Moonpig signs off year with jump in profits
MOONPIG.COM, the online greetings card company, reported a 20 per cent rise in sales last year driven by growth at both its core and personalised card divisions.
The internet retailer, founded 12 years ago by ex-commodities trader Nick Jenkins, said sales rose £7m to £45.8m in the year to 30 April.
Profits jumped 10 per cent to £12m compared with £10.9m the previous year, according to the latest accounts filed on Companies’ House.
Moonpig’s founder Jenkins sold the business in July last year to Photobox, a venture capital-backed online photo business, for £120m.
The group said net margins were hit by the government’s clampdown on a VAT loophole on shipments between Guernsey – where Moonpig’s cards are produced – and the UK.
It was also forced to take a £770,000 write down on the freehold value of its factory in Guernsey after a fall in property prices.
Jenkins, who was given the nickname Moonpig at school, spent eight years working for Glencore in Russia before coming up with the idea for the greetings card business while studying for an MBA at Cranfield.

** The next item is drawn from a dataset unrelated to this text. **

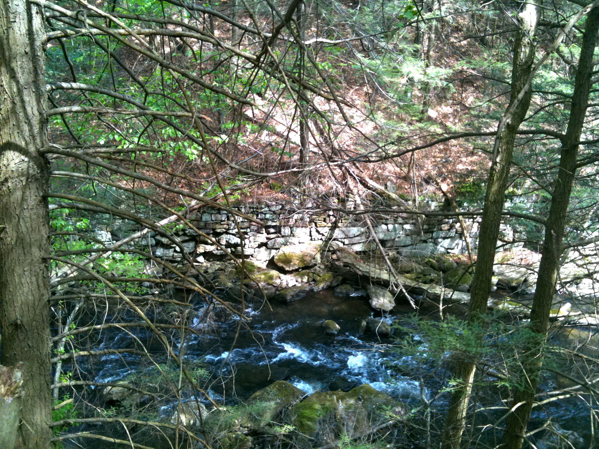 Jericho Blue-Blazed Trail. Hancock Brook on Hancock Brook Trail.

He was inspired by his own habit of Tippex-ing the messages on cards he bought for friends and replacing them with his own greetings.
The company now employs 109 people and sends out more than 12m cards a year. It also sells the rights to its card designs to other publishers including Paperlink, Disney and The Great British Card Company.
Jenkins still acts as an adviser to the business, which also sells bouquets and personalised mugs, posters and T-shirts.
PhotoBox, which claims to be Europe’s largest online photo processing service with 22m members, last week reported a loss of £22m after writing down the value of its acquisition of Moonpig.